● **Data section**:

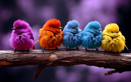 Colorful birds sitting on a branch with purple background, close up
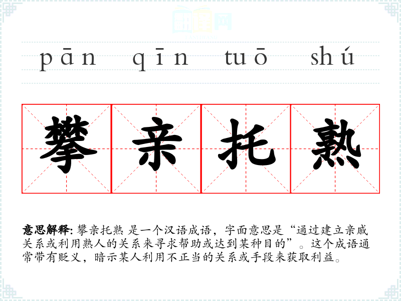 攀亲托熟 是一个汉语成语,字面意思是“通过建立亲戚关系或利用熟人的关系来寻求帮助或达到某种目的”。这个成语通常带有贬义,暗示某人利用不正当的关系或手段来获取利益。
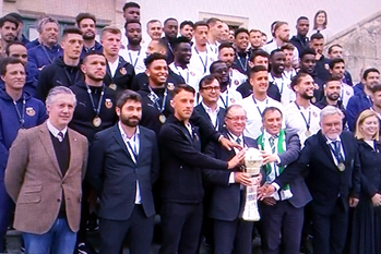 Uma comitiva do Rio Ave foi recebida esta tarde nos Paços do Concelho. O autarca de Vila do Conde fez questão de receber na Câmara a equipa principal que acaba de sagrar-se campeã da II Liga e subir ao escalão principal. Vítor Costa e restante executivo tiveram oportunidade de apreciar o troféu conquistado e o edil fez questão de parabenizar sobretudo os jogadores pelo feito alcançado, agradecendo em nome do concelho o difícil trabalho desenvolvido em campo.
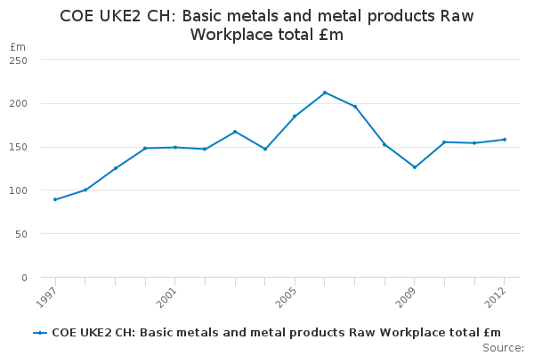 Download this time seriesCOE UKE2 CH: Basic metals and metal products Raw Workplace total £m
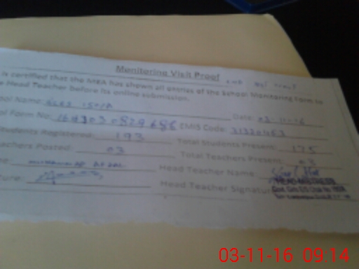 | Attendance Register | Head Teacher | MEA with School | Visit Proof |
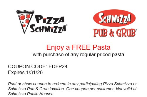 Print or show coupon to redeem in any participating Pizza Schmizza or Schmizza Pub & Grub location. Coupon Code: EDFP24
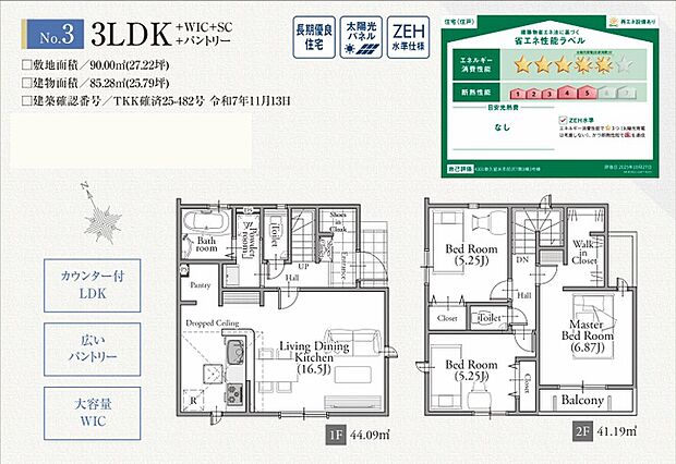| 間取り | 3LDK+2WIC・3LDK+WIC+パントリー+SIC |

● **Activity**:
When you return the records, keep every word unchanged and drop the pictures.

● **Written answer**:
 Colorful birds sitting on a branch with purple background, close up
 攀亲托熟 是一个汉语成语,字面意思是“通过建立亲戚关系或利用熟人的关系来寻求帮助或达到某种目的”。这个成语通常带有贬义,暗示某人利用不正当的关系或手段来获取利益。
 Uma comitiva do Rio Ave foi recebida esta tarde nos Paços do Concelho. O autarca de Vila do Conde fez questão de receber na Câmara a equipa principal que acaba de sagrar-se campeã da II Liga e subir ao escalão principal. Vítor Costa e restante executivo tiveram oportunidade de apreciar o troféu conquistado e o edil fez questão de parabenizar sobretudo os jogadores pelo feito alcançado, agradecendo em nome do concelho o difícil trabalho desenvolvido em campo.
 Download this time seriesCOE UKE2 CH: Basic metals and metal products Raw Workplace total £m
 | Attendance Register | Head Teacher | MEA with School | Visit Proof |
 Print or show coupon to redeem in any participating Pizza Schmizza or Schmizza Pub & Grub location. Coupon Code: EDFP24
| 間取り | 3LDK+2WIC・3LDK+WIC+パントリー+SIC |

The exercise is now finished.